A research agent does what a person does when they investigate a question: search, open the most promising results, read them, and write up the answer with sources. This guide builds that loop in plain Python — search → scrape → synthesize — using one Auxiliar key for every web call, so you can pick the best provider for each step without collecting API keys.
The architecture
Three web-access steps, one LLM step:
- Search the web for the question (Serper — fast, cheap Google).

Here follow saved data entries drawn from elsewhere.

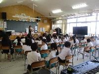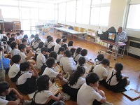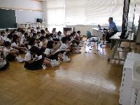 3年生以上が集まった音楽室では,絵本の読み聞かせの後,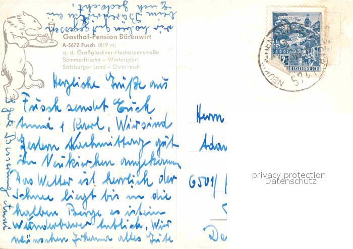 72906831 alte Postkarte Fusch Grossglocknerstrasse Gasthaus Pension Baerenwirt postalisch gelaufen Erhaltung siehe scans [LiesaD40] KatCode: 11390322050604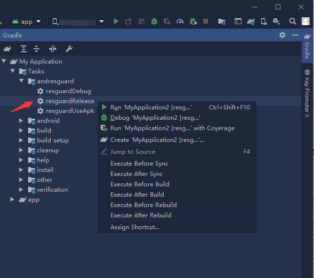 找到如下界面,右击 resguardRelease,再单击 Run 即可自动打包完成 Release(发行) 版本。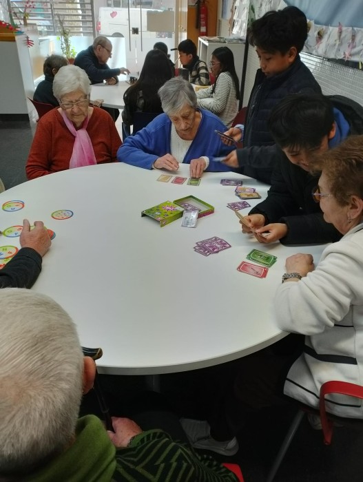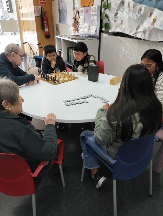 L'últim dijous de mes, els nens i nenes del col·legi, ens venen a visitar per poder estar amb els avis i jugar amb ells a diferents jocs de taula.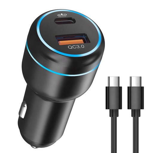 홈플래닛 PD 3.0 48W 2포트 차량용 시거잭 고속 충전기 + C to C 충전케이블 세트

- Read the top results as clean markdown (Firecrawl — best markdown quality in our benchmark).
- Synthesize an answer from the collected text, with citations.

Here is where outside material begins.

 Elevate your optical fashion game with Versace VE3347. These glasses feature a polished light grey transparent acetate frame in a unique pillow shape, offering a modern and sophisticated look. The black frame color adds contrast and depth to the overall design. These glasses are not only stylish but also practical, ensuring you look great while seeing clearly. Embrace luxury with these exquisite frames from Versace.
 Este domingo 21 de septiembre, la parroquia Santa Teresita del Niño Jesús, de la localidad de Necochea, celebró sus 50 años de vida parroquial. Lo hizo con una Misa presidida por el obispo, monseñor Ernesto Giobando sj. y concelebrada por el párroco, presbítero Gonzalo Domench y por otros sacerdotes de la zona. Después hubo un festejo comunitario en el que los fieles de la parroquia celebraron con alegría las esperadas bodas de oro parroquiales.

All web calls go through https://api.auxiliar.ai/<provider>/... on a single key.
The code
import os, requests
from anthropic import Anthropic
AUX = "https://api.auxiliar.ai"
H = {"Authorization": f"Bearer {os.environ['AUXILIAR_API_KEY']}"}
llm = Anthropic()
def search(query, k=5):
r = requests.post(f"{AUX}/serper/search", headers=H, json={"q": query}, timeout=30)
r.raise_for_status()
return [o["link"] for o in r.json().get("organic", [])[:k]]
def read(url):
r = requests.post(f"{AUX}/firecrawl/v1/scrape", headers=H,
json={"url": url, "formats": ["markdown"]}, timeout=60)
if not r.ok:
return ""
return r.json().get("data", {}).get("markdown", "")[:6000]
def research(question):
urls = search(question)
sources = [(u, read(u)) for u in urls]
context = "\n\n".join(f"SOURCE {u}:\n{md}" for u, md in sources if md)

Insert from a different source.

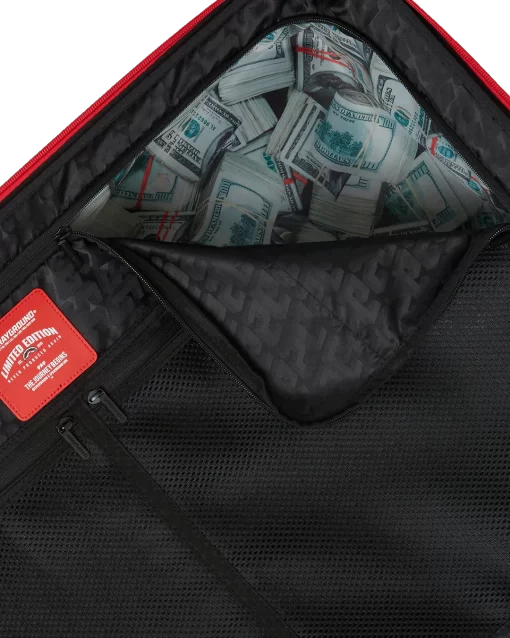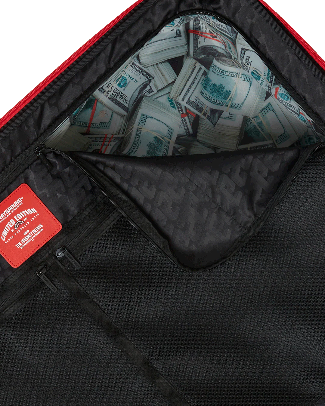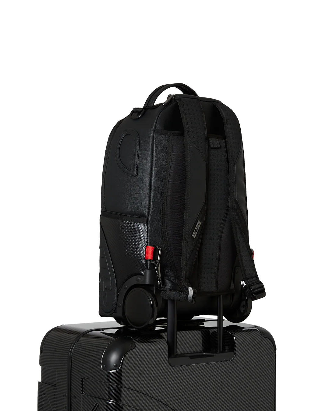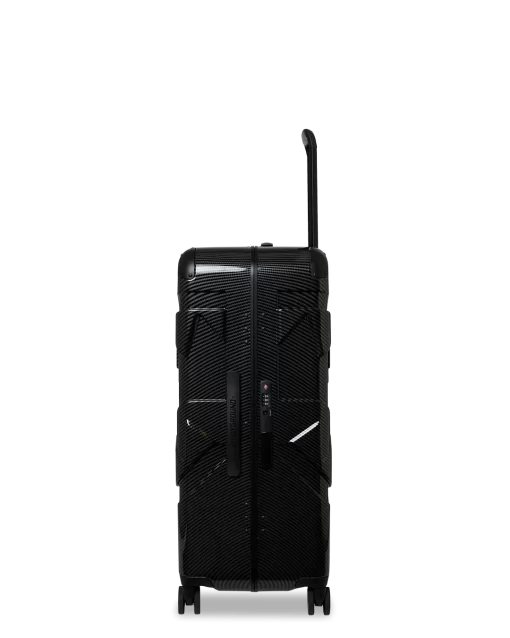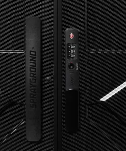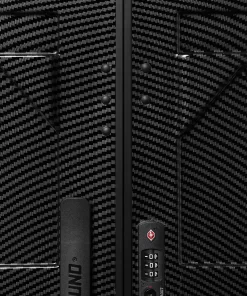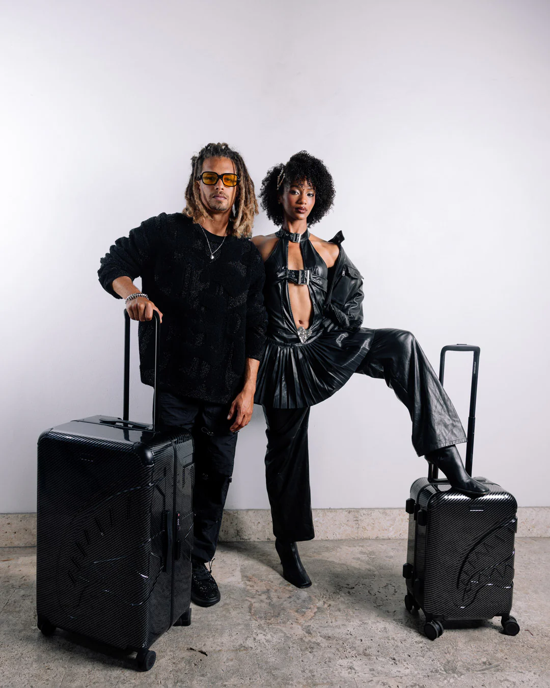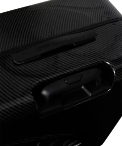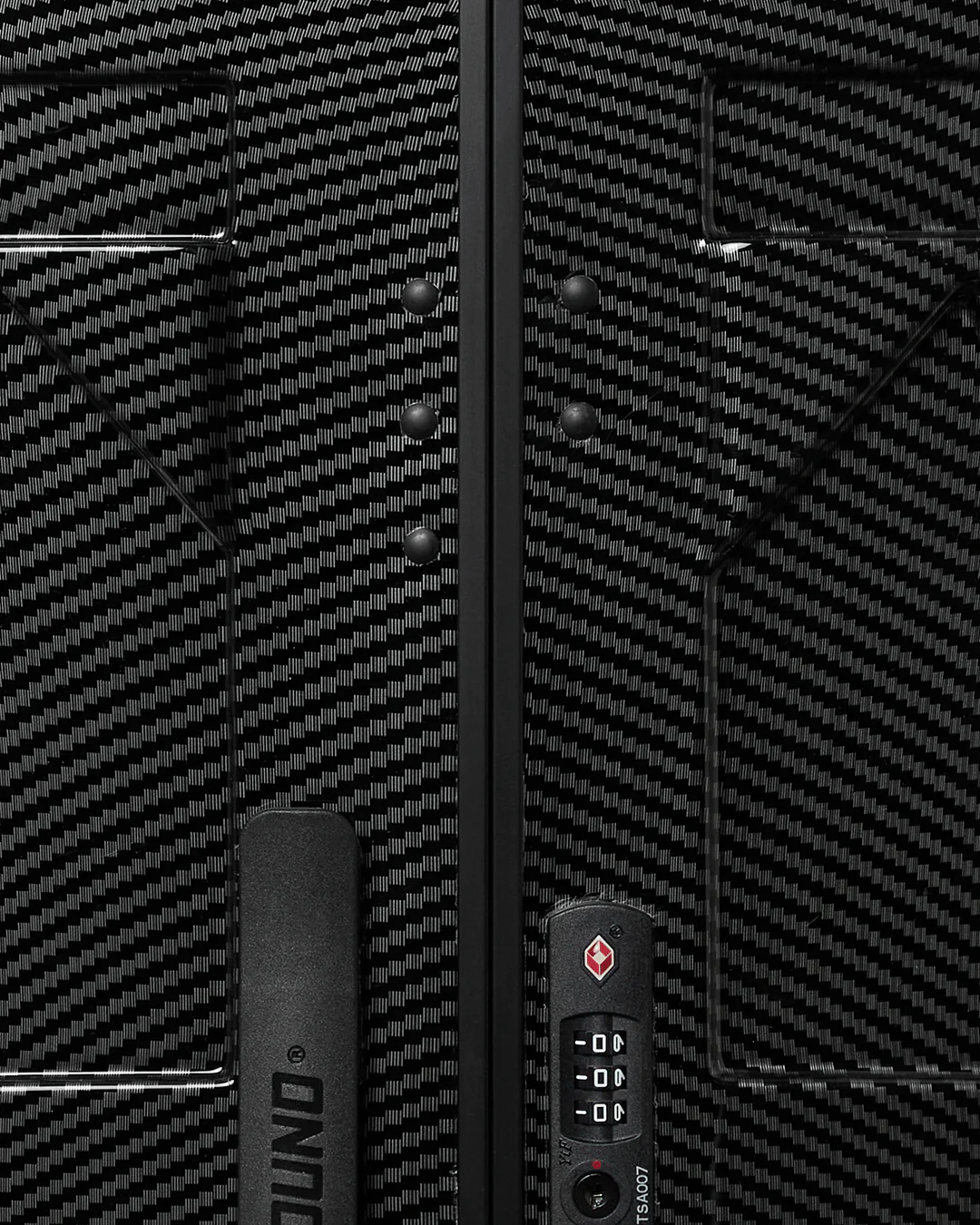 Faux carbon fiber full size luggage. Features an embossed shark mouth.

msg = llm.messages.create(
model="claude-sonnet-5", max_tokens=1024,
messages=[{"role": "user", "content":
f"Answer the question using only these sources. Cite each claim with its URL.\n\n"
f"QUESTION: {question}\n\n{context}"}],
)
return msg.content[0].text
print(research("What are the most-used open-source AI agents in 2026?"))
That’s a working research agent in ~30 lines. It searches, reads the real pages (not just snippets), and grounds the answer in them.
Making it better
- Harder targets: if a source is behind anti-bot protection and
read()comes back empty, retry through a stealth scraper — see scrape without getting blocked. Because every scraper is on the same key, a fallback is one line. - Better sources: swap Serper for an agent-native index like Tavily (
/tavily/search) or a neural one like Exa (/exa/search) — compare them in best search API for AI agents. - Skip the loop entirely: some providers do the whole search-and-synthesize step in one call. See the best AI answer & research API ranking; you can call those through the same key too.
The point of the gateway is that all of these are experiments you run by changing a path — not new accounts you open.